The exact etiology of DAA is as yet unknown. However, it can be rarely associated with 22q11.2 deletion even in the absence of intra-cardiac disease.

Development of double aortic arch is easily understood by Edward’s theoretical model in which various anomalies in aortic arch explained by the pattern of breaks at different levels.  Abnormal persistence or regression of various segments leads to several types of malformations. Double aortic arch forms when both the right and the left fourth branchial arches persist, each one to be seen on either side of trachea.⁴ The common carotid and subclavian artery arises from the ipsilateral arches on both sides. This arrangement encircles the trachea and esophagus completely and is the most common cause of complete vascular ring (5). Most of cases (approximately 80%) have a right dominant system, with a left aortic arch that is more frequently patent, but it can also be hypoplastic or atretic (6). Given that the descending aorta is usually opposite the dominant arch, a large right aortic arch, left-sided descending aorta and left sided ligamentum arteriosus is the most common presentation.(7)

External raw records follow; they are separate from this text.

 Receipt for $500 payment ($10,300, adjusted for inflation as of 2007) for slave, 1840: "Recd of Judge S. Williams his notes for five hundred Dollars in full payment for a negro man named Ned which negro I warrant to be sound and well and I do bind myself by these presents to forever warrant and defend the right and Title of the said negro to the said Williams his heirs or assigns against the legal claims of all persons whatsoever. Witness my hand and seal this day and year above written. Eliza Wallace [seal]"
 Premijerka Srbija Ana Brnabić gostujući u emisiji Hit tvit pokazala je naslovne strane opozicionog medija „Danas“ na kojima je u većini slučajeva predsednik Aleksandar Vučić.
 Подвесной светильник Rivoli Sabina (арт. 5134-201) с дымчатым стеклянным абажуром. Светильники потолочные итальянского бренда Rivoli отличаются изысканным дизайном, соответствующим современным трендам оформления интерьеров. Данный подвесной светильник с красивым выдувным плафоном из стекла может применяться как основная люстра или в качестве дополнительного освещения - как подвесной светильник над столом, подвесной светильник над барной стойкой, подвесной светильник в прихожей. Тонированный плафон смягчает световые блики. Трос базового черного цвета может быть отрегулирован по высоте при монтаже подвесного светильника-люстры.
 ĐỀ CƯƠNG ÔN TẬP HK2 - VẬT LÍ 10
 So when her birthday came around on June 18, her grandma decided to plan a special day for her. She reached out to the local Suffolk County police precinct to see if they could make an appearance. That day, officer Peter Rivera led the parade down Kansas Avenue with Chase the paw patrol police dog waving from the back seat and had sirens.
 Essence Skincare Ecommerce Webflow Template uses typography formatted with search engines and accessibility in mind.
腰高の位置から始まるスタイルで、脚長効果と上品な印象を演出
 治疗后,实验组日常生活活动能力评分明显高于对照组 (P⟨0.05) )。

Cardiac anomalies are less common in a double aortic arch than in other aortic arch anomalies and it is isolated anomaly in about (83.3%) cases.  Approximately 16.6% of double aortic arch cases are associated with other congenital heart anomalies, mainly ventricular septal defects and double outlet right ventricles.8 Extracardiac malformations have rarely been mentioned in association with double aortic arch.
There seems to be a low association with 22q11 micro deletion in the absence of other structural heart anomalies, given that most cases affected by this chromosomal abnormality have congenital cardiac or extracardiac defects. Among patients with a double aortic arch, those with an atretic minor arch had a significantly higher rate of deletion than those with a patent minor arch, but there was no difference between patients with left and right dominance of the double arch.⁹

The risk of recurrence is mostly related to the recurrence of associated chromosomal and deletion abnormalities.

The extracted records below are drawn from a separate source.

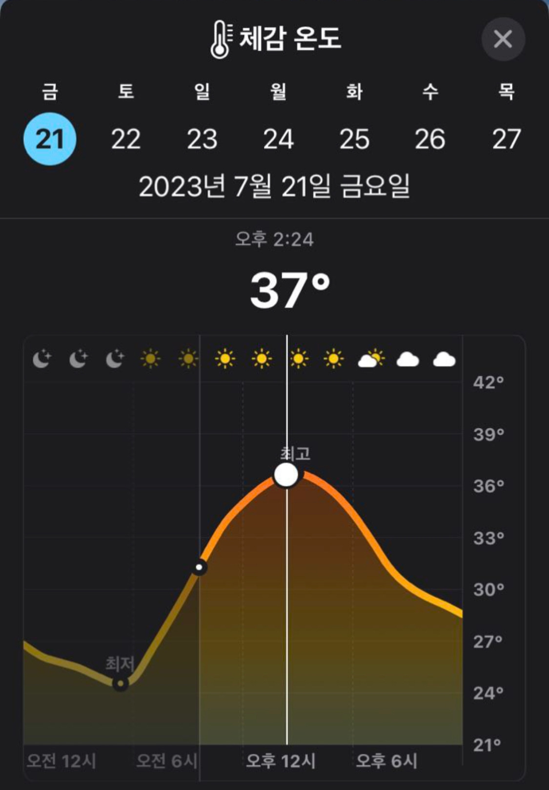 오늘 낮엔 체감온도가 37도까지 올라간다니… 이젠 급격한 사회변화 보다 급격한 기후변화에 빠르게 적응하는 게 미래사회에 대비해야 할 중요한 일이 되어간다.
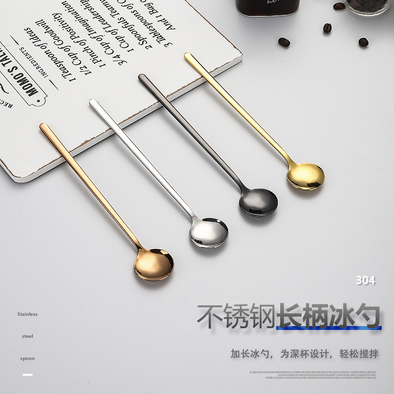 ins风304不锈钢小圆勺金色长柄迷你创意咖啡勺甜品奶茶搅拌网红勺
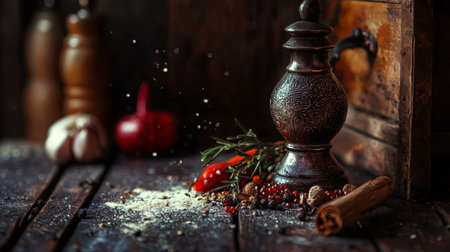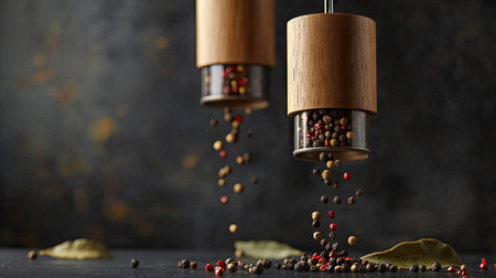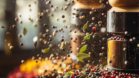 A mesmerizing shot of spice grinders in motion, with colorful peppercorns and fragrant bay leaves suspended in air,
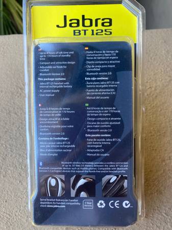 Jabra BT125 Black & White Wireless Bluetooth Single Ear-Hook Cordless Headset. Brand new in box, never used. Cash Only Text me at 858-23on1-114four IF THE SEE THE POST THE BT HEADSET IS STILL...
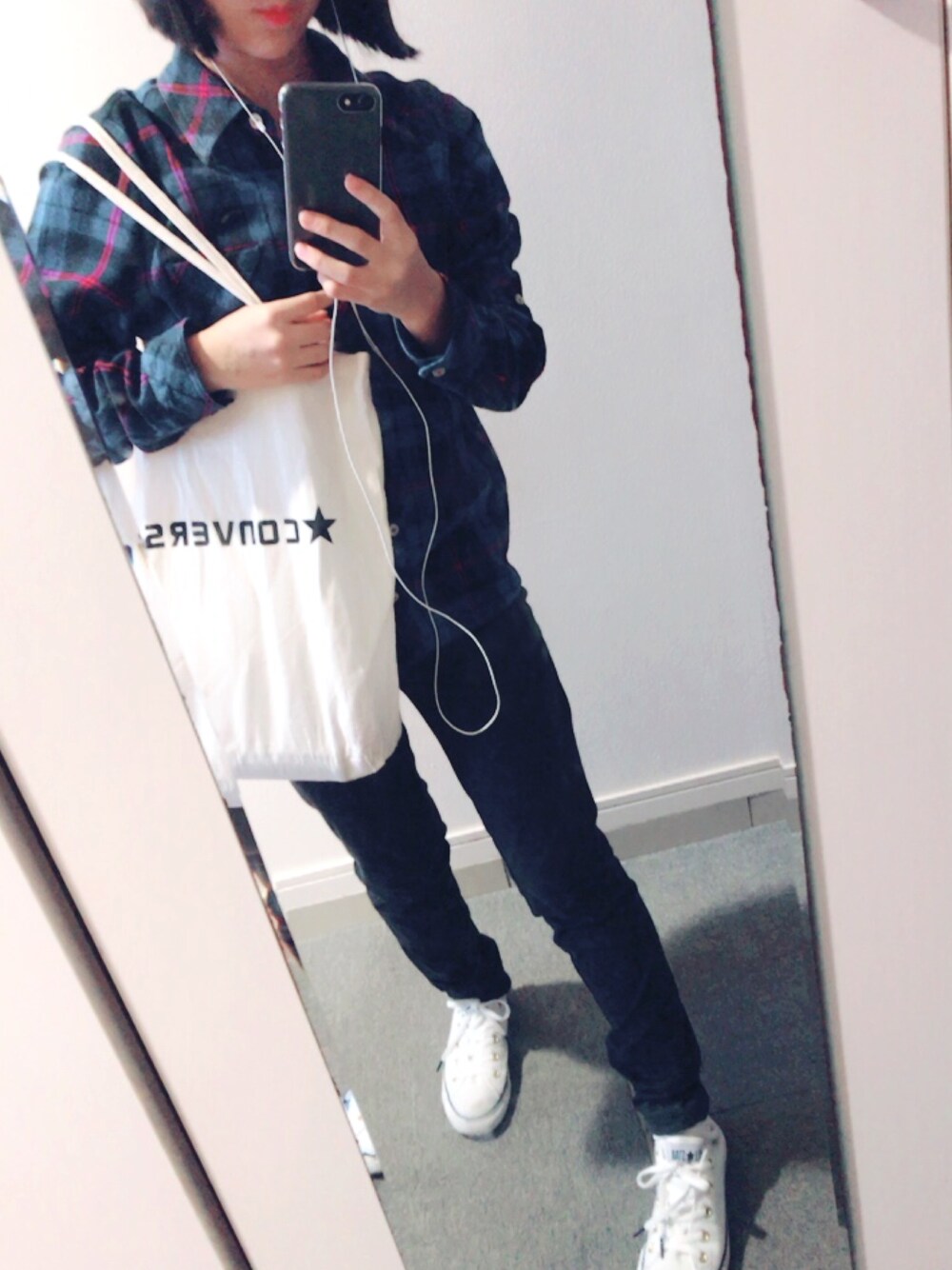 さっとコンビニにいく感じです ラフラフ~ イヤフォンが似合うコーデ
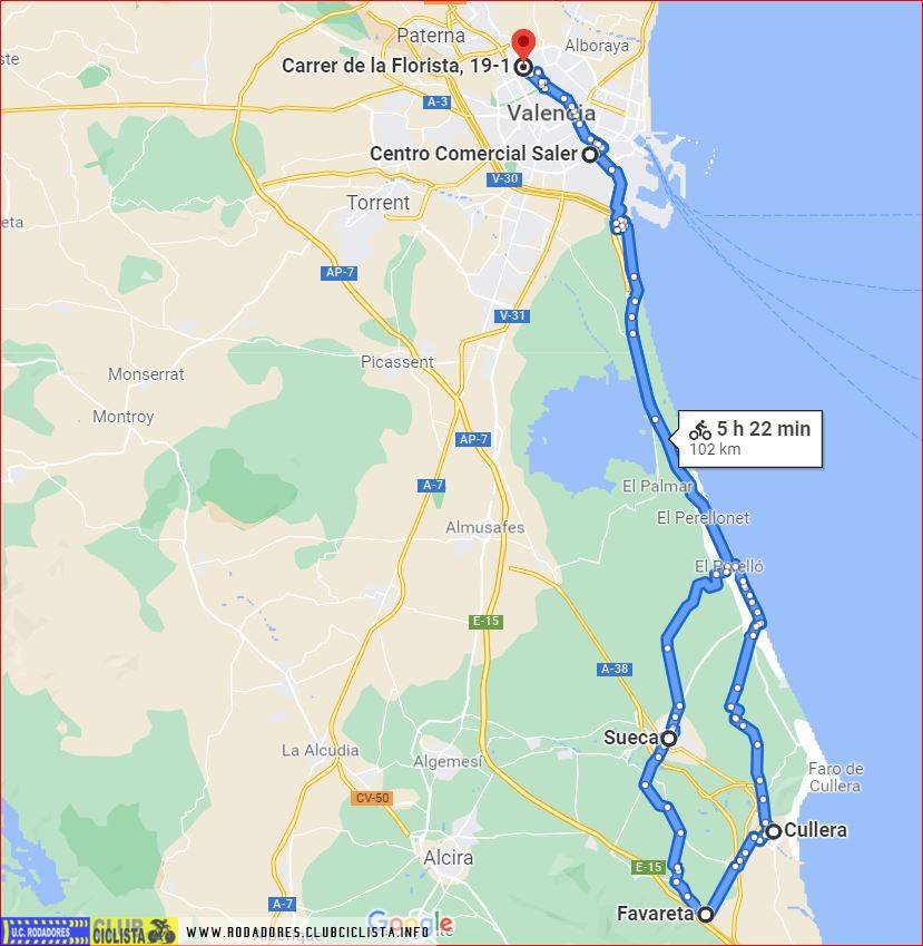 Benicalap – El Saler – El Palmar – Sueca – Favara – Cullera – El Saler – Benicalap
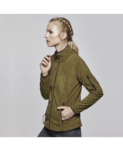 Fleeced jacket for outdoor sports, with high neck and long sleeve ribbed to contrast. Pocket with zip in left sleeve and front zip, both in contrast. Seams in side and chest. Elbow pads in same fabric.
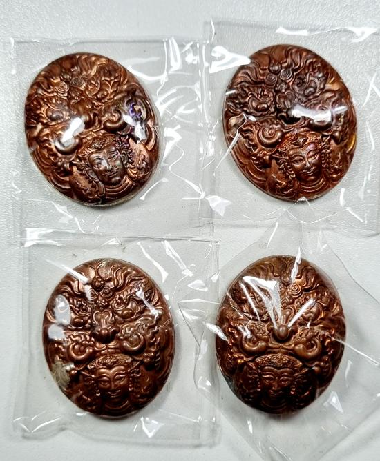 เหรียญพญาราหู พระอาจารย์ประสูติ วัดในเตา เหรียญเทพราหู เนื้อสัมฤทธิ์แดงกรรมการ ฝังเม็ดกริ่ง 4องค์ |
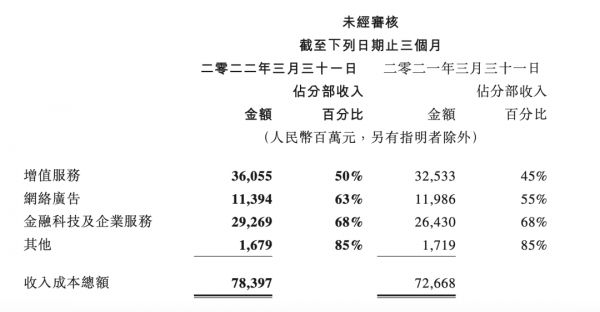 一季度,尽管金融科技及企业服务的收入成本占分部收入的比例在三大业务中仍是最高的,但却是唯一一个比例未有明显增长的业务。
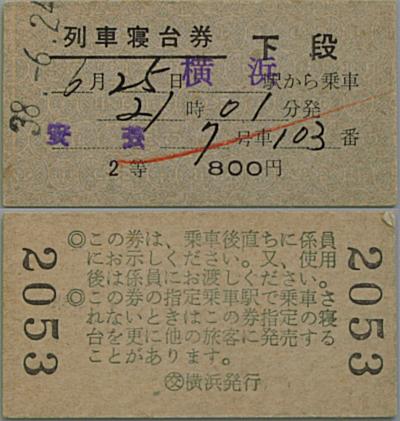 昭和38年6月24日の寝台券です。 これも発行は横浜駅ではなく(交)になっています。

Recent ISOUG guidelines (2022) recommend addition of the 3-vessel and trachea view in the routine mid trimester ultrasound scan. The diagnosis of double aortic arch is made in a transverse view of the fetal thorax at the level of the 3-vessel and trachea view when there are two aortic arches that form a complete vascular ring encircling the trachea.  In double aortic arch the ascending aorta bifurcates at the level of trachea to have one arch to the right and one to the left (in the Greek letter “lambda” configuration) which is better demonstrated on color Doppler.¹⁰ The carotid and subclavian arteries arise separately from each ipsilateral arch and the descending aorta inconsistently tends to appear deviated to one side or another, usually to the side of the obvious ductus arteriosus. For this very reason, the branching pattern of the arches helps in the differential diagnosis, as this kind of branching has not been described for a right aortic arch, either with an aberrant left subclavian artery or mirror branching. Hence adding an axial view of the upper mediastinum is highly recommend (subclavian artery view) to the 3-vessel and trachea view, which would allow us to recognize part of the branching pattern of the aortic arch. When a subclavian artery with a retrotracheal course (aberrant) is observed, we are able to rule out the diagnosis of a double aortic arch with certainty.¹¹
There is a high percentage of double aortic arch cases in which one of the arches is atretic, commonly the left one, and it is located in a more caudal position than the other. This can hamper visualization of all the vessels at the same time, causing difficulties for the differential diagnosis between a double aortic arch and a right aortic arch. Once double arch anomaly is diagnosed, a comprehensive ultrasound scan, including fetal echocardiography, detailed fetal structural scan and evaluation of the thymic size is suggested to assess associated other cardiac and extra cardiac abnormalities and provide clues to the presence or absence of a 22q11.2 microdeletion.¹²
STIC technology helps to assess the fetal heart in a four-dimensional (4D) cineloop sequence with slow-motion imaging, without fetal movements and allow other observers to review the data offline. Collectively it helps for the better assessment of aortic arch anomalies.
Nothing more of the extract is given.